* _YOUR GOAL_
In your copy, drop the images and return each record exactly as it stands.

* _EXERCISE DATA_
************

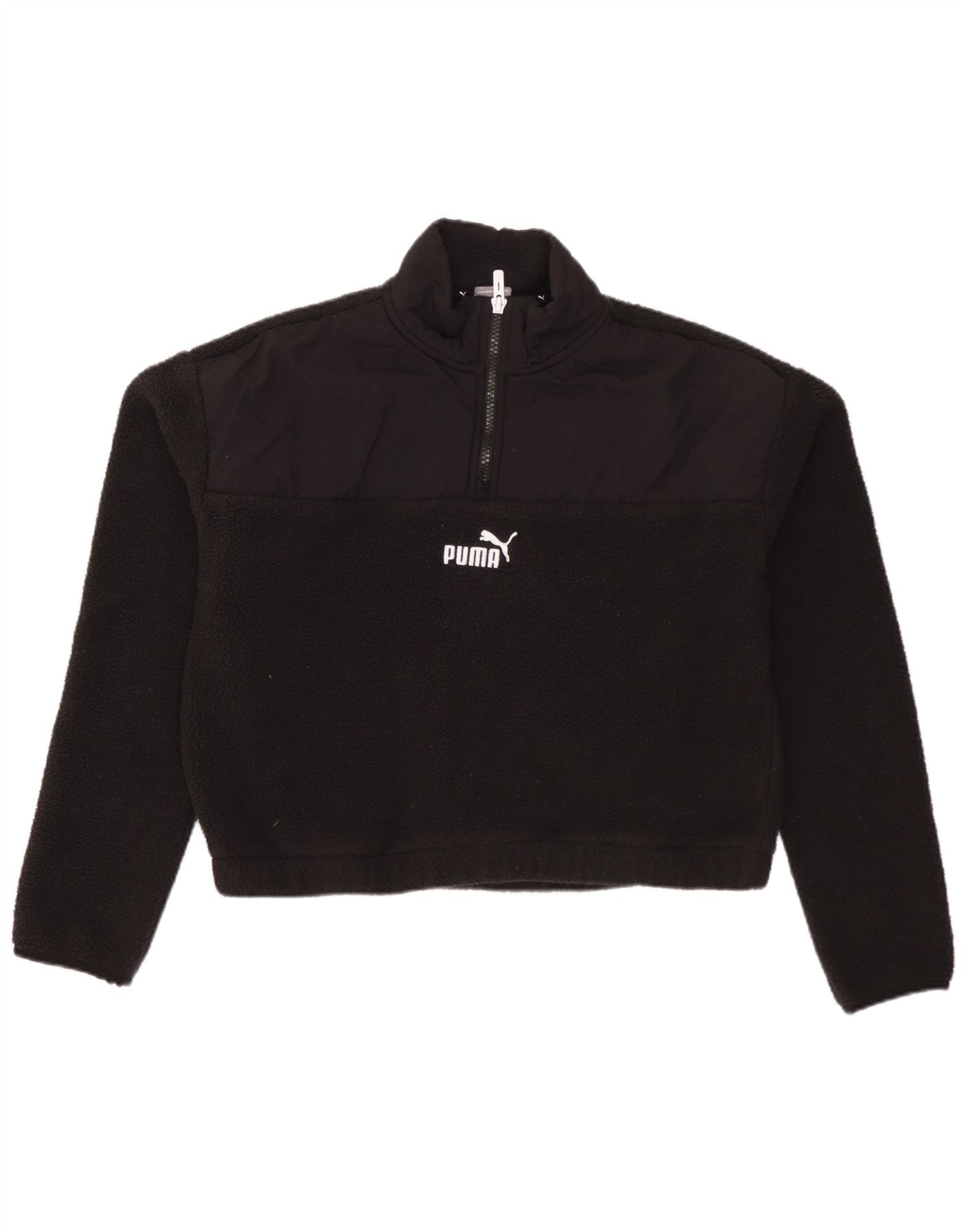 PUMA Womens Crop Oversized Zip Neck Fleece Jumper UK 10 Small Black
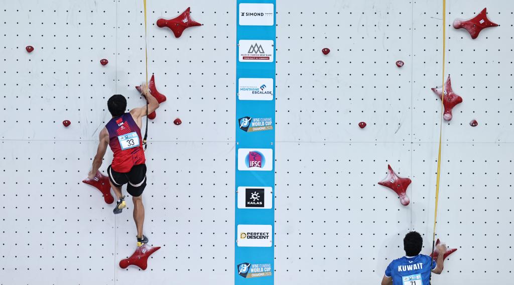 7月11日,中國選手龍見國(左)在2025攀巖世界杯霞慕尼站男子速度賽中。新華社記者 高靜 攝
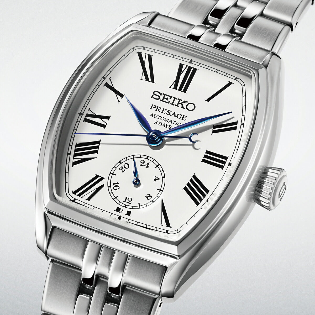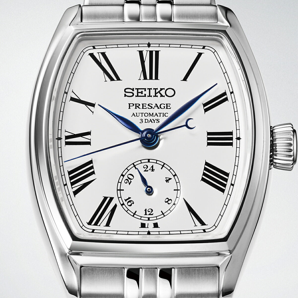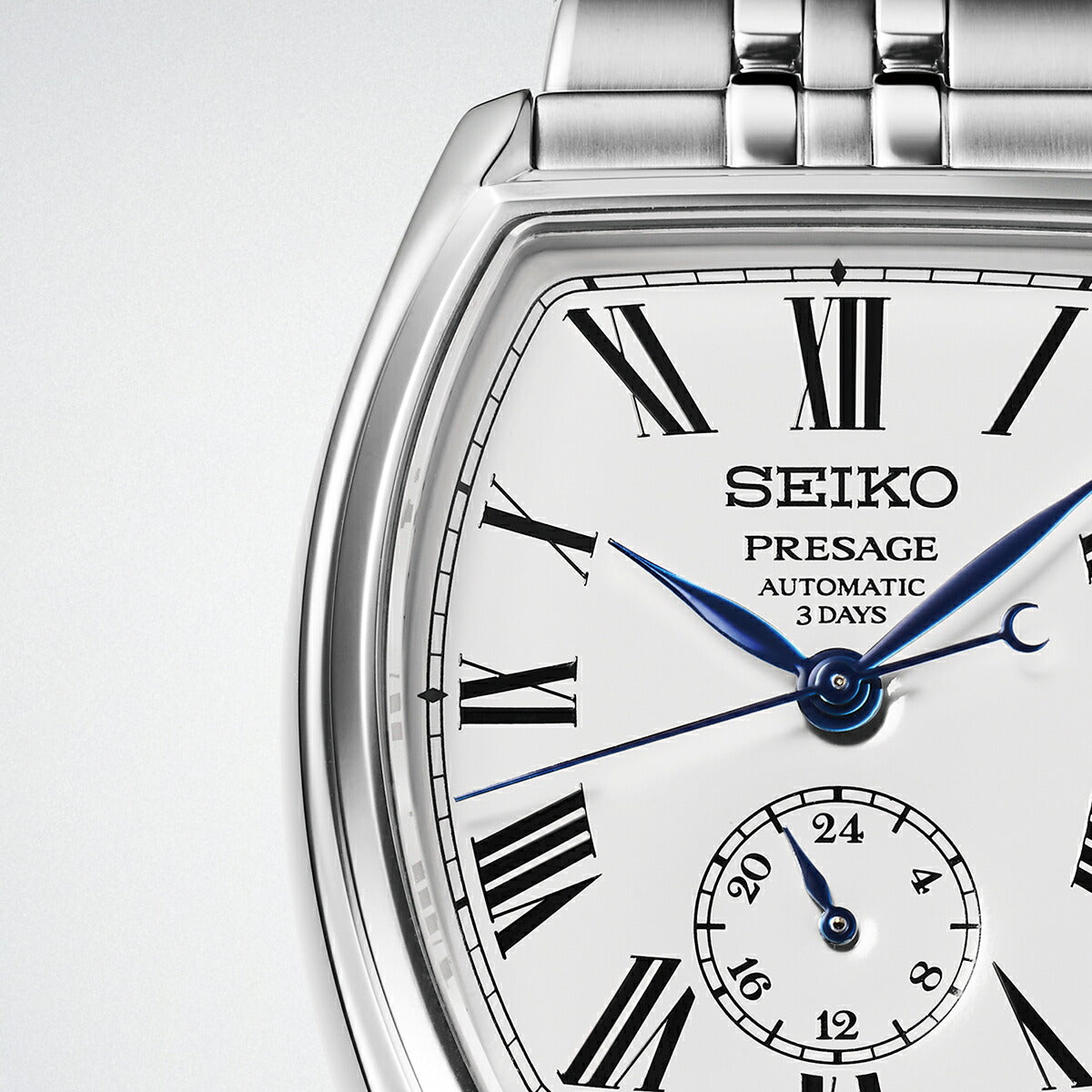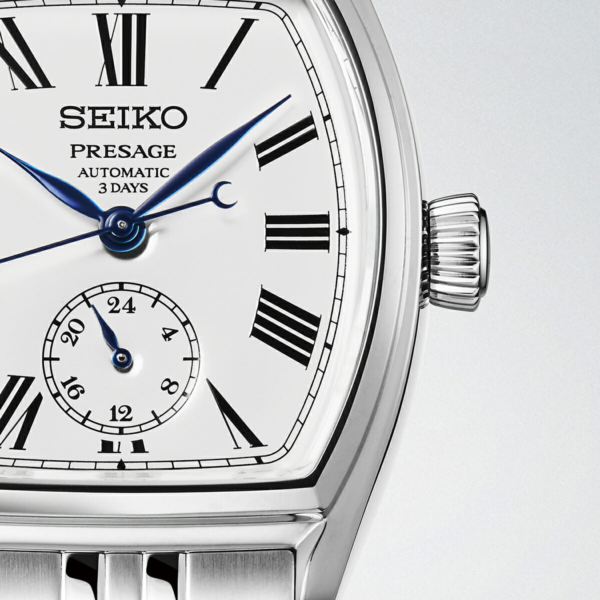 インデックスには、セイコー創成期の懐中時計「タイムキーパー」をオマージュしたローマ数字を配置。従来モデルから書体をアップデートし、トノー形ケースにふさわしい力強さとクラシカルな雰囲気を両立しています。ブルースチールの針が、白い琺瑯ダイヤルに美しく映え、上品なアクセントに。
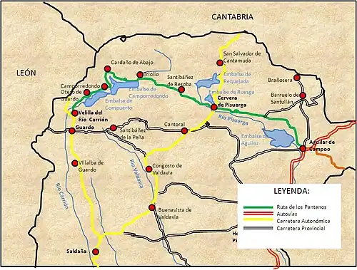 Atraviesa los embalses de esta comarca: en la vertiente del río Pisuerga, el Ruesga y de Requejada y en la vertiente del río Carrión: embalses de Camporredondo y Compuerto. Como complemento —aunque no se encuentra en la ruta— se puede visitar el pantano de Aguilar, también en el cauce del Pisuerga.
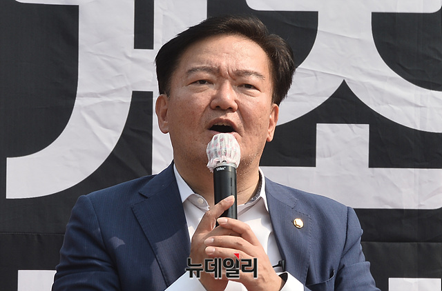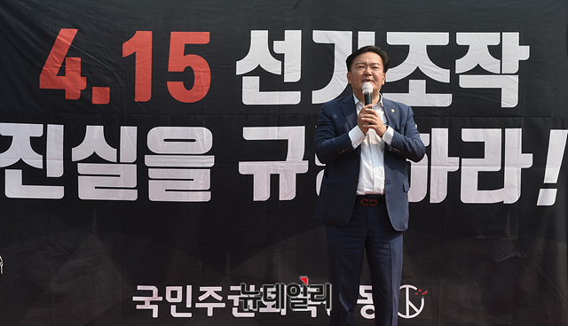 민경욱 미래통합당 의원이 23일 오후 서울 서초구 대검찰청 맞은편에서 열린 '국민주권회복운동 5.23 대결집'에서 발언을 하고 있다.민 의원은 "부정선거를 방치하면 민주선거는 다시없다. 미래통합당은 진상규명특위 즉각 설치해야 한다"고 말했다. 이어 "중앙선관위는 국민앞에 석고대죄해야 한다"고 말했다.집회에 참석한 시민들은 'FOLLOW the PARTY(당과 함께 간다)' '4.15 관련 부정 의혹 진실을 공개하라' '구리시 선관위는 증거인멸 중단하라' 'Don't allow RIGGED ELECTIONS(선거 조작을 허용하지 말라)' 등이 기재된 손 피켓을 들고 집회에 참여했다.지난 21일 민 의원은 "전산 숫자의 배열을 찾아내 문자로 변환시켰더니 중국 공산당 구호인 'FOLLOW the PARTY(당과 함께 간다)'가 나왔다"며 "이 구호는 중국의 해커가 심어놨다"고 주장하며 총선 전산조작 의혹을 제기했다.이날 열린 집회 관계자는 "이날 참여한 시민들은 검정색 옷과 검정색 우산을 들고 집회에 참석했다. 검정색의 의미는 4.15총선을 경험하고 느낀 감정, 즉 '민주주의는 죽었다'라는 의미"라고 말했다.이어 "이번 집회는 더운 날씨에도 불구하고 4.15부정선거 저항운동 실천을 위해 청년 주도하에 개최됐다"며 집회의 취지를 설명했다.국민주권회복운동본부는 30일 오후 2시 동일한 장소(대검찰청 맞은편)에서 집회를 가질 예정이다.
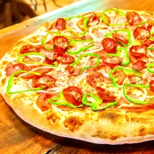 Mussarela, champignon, palmito, azeitona, milho, tomate, pimentão, cebola

************

* _WRITTEN REPLY_
 PUMA Womens Crop Oversized Zip Neck Fleece Jumper UK 10 Small Black
 7月11日,中國選手龍見國(左)在2025攀巖世界杯霞慕尼站男子速度賽中。新華社記者 高靜 攝
 インデックスには、セイコー創成期の懐中時計「タイムキーパー」をオマージュしたローマ数字を配置。従来モデルから書体をアップデートし、トノー形ケースにふさわしい力強さとクラシカルな雰囲気を両立しています。ブルースチールの針が、白い琺瑯ダイヤルに美しく映え、上品なアクセントに。
 Atraviesa los embalses de esta comarca: en la vertiente del río Pisuerga, el Ruesga y de Requejada y en la vertiente del río Carrión: embalses de Camporredondo y Compuerto. Como complemento —aunque no se encuentra en la ruta— se puede visitar el pantano de Aguilar, también en el cauce del Pisuerga.
 민경욱 미래통합당 의원이 23일 오후 서울 서초구 대검찰청 맞은편에서 열린 '국민주권회복운동 5.23 대결집'에서 발언을 하고 있다.민 의원은 "부정선거를 방치하면 민주선거는 다시없다. 미래통합당은 진상규명특위 즉각 설치해야 한다"고 말했다. 이어 "중앙선관위는 국민앞에 석고대죄해야 한다"고 말했다.집회에 참석한 시민들은 'FOLLOW the PARTY(당과 함께 간다)' '4.15 관련 부정 의혹 진실을 공개하라' '구리시 선관위는 증거인멸 중단하라' 'Don't allow RIGGED ELECTIONS(선거 조작을 허용하지 말라)' 등이 기재된 손 피켓을 들고 집회에 참여했다.지난 21일 민 의원은 "전산 숫자의 배열을 찾아내 문자로 변환시켰더니 중국 공산당 구호인 'FOLLOW the PARTY(당과 함께 간다)'가 나왔다"며 "이 구호는 중국의 해커가 심어놨다"고 주장하며 총선 전산조작 의혹을 제기했다.이날 열린 집회 관계자는 "이날 참여한 시민들은 검정색 옷과 검정색 우산을 들고 집회에 참석했다. 검정색의 의미는 4.15총선을 경험하고 느낀 감정, 즉 '민주주의는 죽었다'라는 의미"라고 말했다.이어 "이번 집회는 더운 날씨에도 불구하고 4.15부정선거 저항운동 실천을 위해 청년 주도하에 개최됐다"며 집회의 취지를 설명했다.국민주권회복운동본부는 30일 오후 2시 동일한 장소(대검찰청 맞은편)에서 집회를 가질 예정이다.
 Mussarela, champignon, palmito, azeitona, milho, tomate, pimentão, cebola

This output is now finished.